BEGIN DATASET EXTRACT
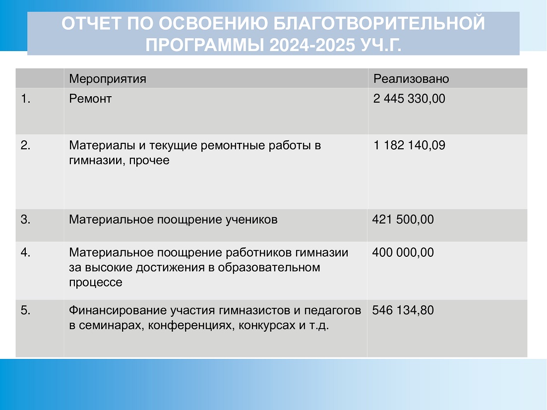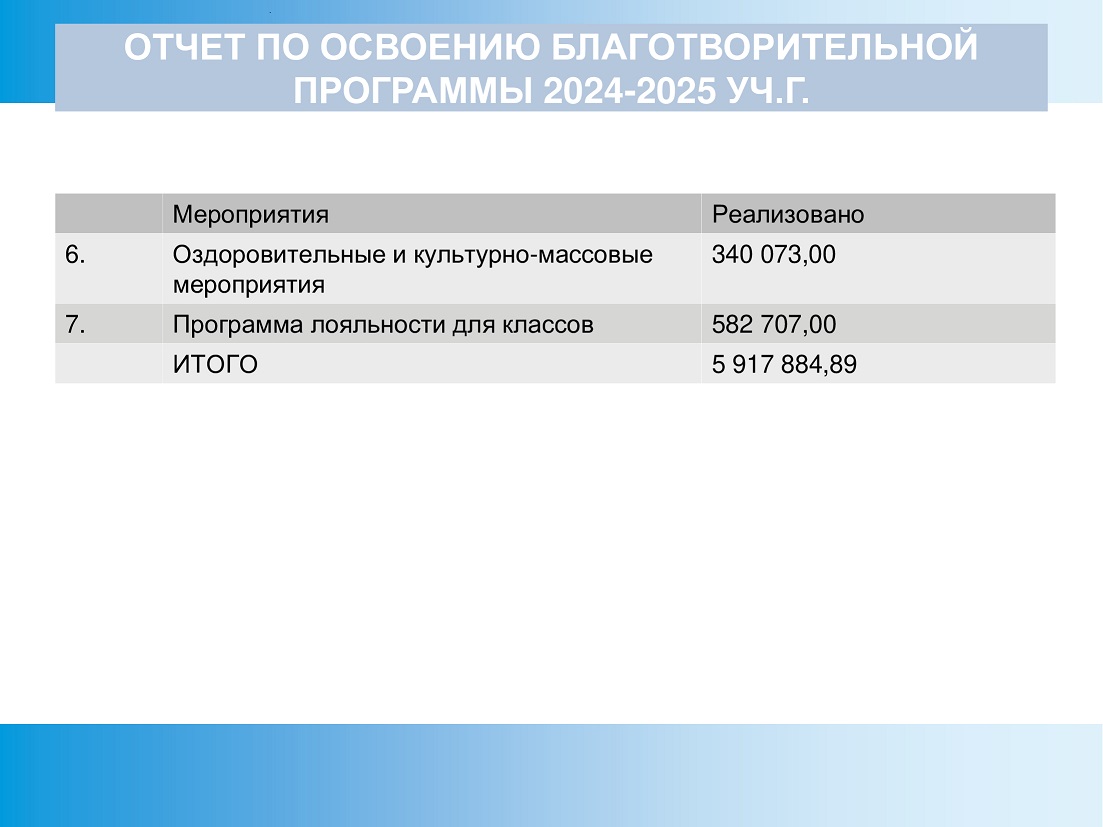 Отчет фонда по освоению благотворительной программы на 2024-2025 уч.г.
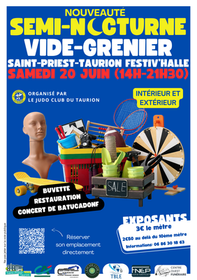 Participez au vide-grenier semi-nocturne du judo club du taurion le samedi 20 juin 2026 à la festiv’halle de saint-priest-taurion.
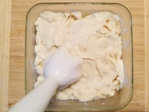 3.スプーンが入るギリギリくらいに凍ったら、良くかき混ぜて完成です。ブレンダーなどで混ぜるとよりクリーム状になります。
END DATASET EXTRACT
_INSTRUCTIONS FOR THE TASK_: A word-for-word copy is required of the lines above from the line with "Participez au vide-grenier" through the last line of the data; no other lines and no pictures belong in it.

_OUTPUT BELOW_:
 Participez au vide-grenier semi-nocturne du judo club du taurion le samedi 20 juin 2026 à la festiv’halle de saint-priest-taurion.
 3.スプーンが入るギリギリくらいに凍ったら、良くかき混ぜて完成です。ブレンダーなどで混ぜるとよりクリーム状になります。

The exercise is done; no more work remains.